• Classes
  • 06 - Message Broker

Message Broker

Introduction

An ML application will usually be made up of several interconnected parts. We have already seen in previous classes how to create an API, so applications that need prediction by an ML model can access a specific route.

We have also seen that a model can read data and write prediction results to a DBMS (database management system).

Message Broker

Today we will see how to work with message brokers. A message broker is a middleware software component that allows applications to exchange messages asynchronously. It acts as an intermediary to route messages between publishers and subscribers.

Think, for example, of an ML model that analyzes a store's delivery data for complaint prevention.

Suppose that, for some deliveries, he recommends sending a message explaining the situation (reason for the delay).
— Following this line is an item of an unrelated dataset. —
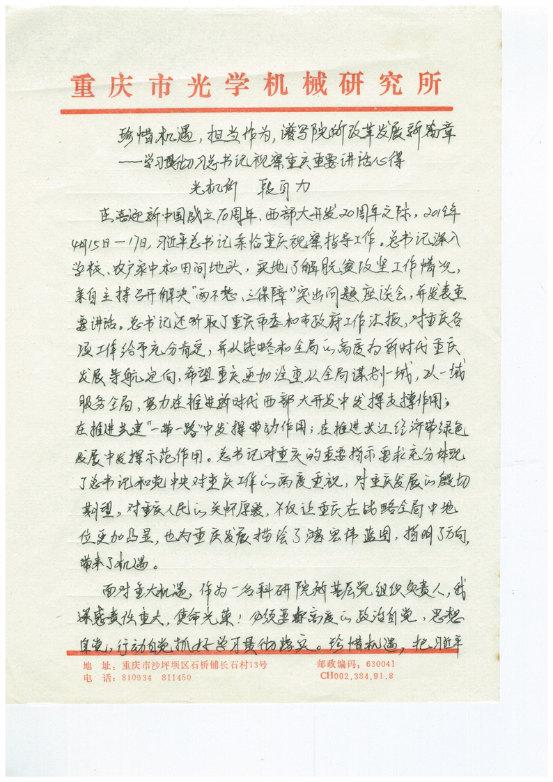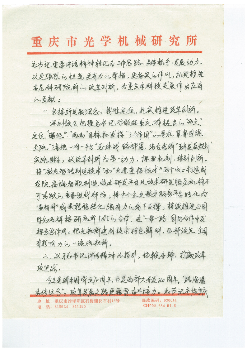 珍惜机遇,担当作为,谱写院所改革开展新篇章 - 段自力

This sending (Telegram, Email, WhatsApp) will not be done by the ML model and will require calling an extra application.

An alternative is to add the model's predict result to a queue, so that the sending application (Telegram, Email, WhatsApp) handles the messages according to their availability. The application responsible for managing this queue is the message broker.

Question 1

Could the message broker be used to create a queue of JSON from customers for a model to process? For example:

{
    "age": 42,
    "job": "entrepreneur",
    "marital": "married",
    "education": "primary",
    "balance": 558,
    "housing": "yes",
    "duration": 186,
    "campaign": 2
}

Answer

Yes! In general, the message broker does not care about the actual message content or format. Messages can contain serialized objects, JSON strings, binary files - essentially any type of content that can be serialized into a byte stream.

Advantages

The main advantages of using message brokers are:

  • Asynchronous communication: messages can be sent and received asynchronously. This allows work to be queued when systems are overloaded and prevents failures from stopping the flow of work.

  • Decoupling of services/applications: a message broker allows different parts of a distributed system to communicate without the need of direct knowledge of each other.
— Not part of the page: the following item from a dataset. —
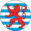 Cocarde reprenant le drapeau national: en 3 bandes verticales: haut et bas en rouge, centre en bleu avec un disque blanc.

  • Scalability: more consumers/producers can be added easily without modifying code as load increases.

  • Reliability: message brokers guarantee at-least-once delivery of messages, so messages aren't lost if a receiver fails.

  • Durability: messages can survive recipient or broker failures through persistent storage and retries.
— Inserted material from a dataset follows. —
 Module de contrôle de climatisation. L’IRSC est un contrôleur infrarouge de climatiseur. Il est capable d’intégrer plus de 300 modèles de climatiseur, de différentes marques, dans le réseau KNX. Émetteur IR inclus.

  • Location transparency: services remain agnostic to location or availability of other services using the broker.

  • Manageability: brokers provide centralized tools for administration, monitoring and management of messaging infrastructure.

Alternatives

There are several message broker that we could use, such as:

  • RabbitMQ
  • Apache Kafka
  • Azure Service Bus
  • AWS SQS/SNS

In this class, we will work with RabbitMQ.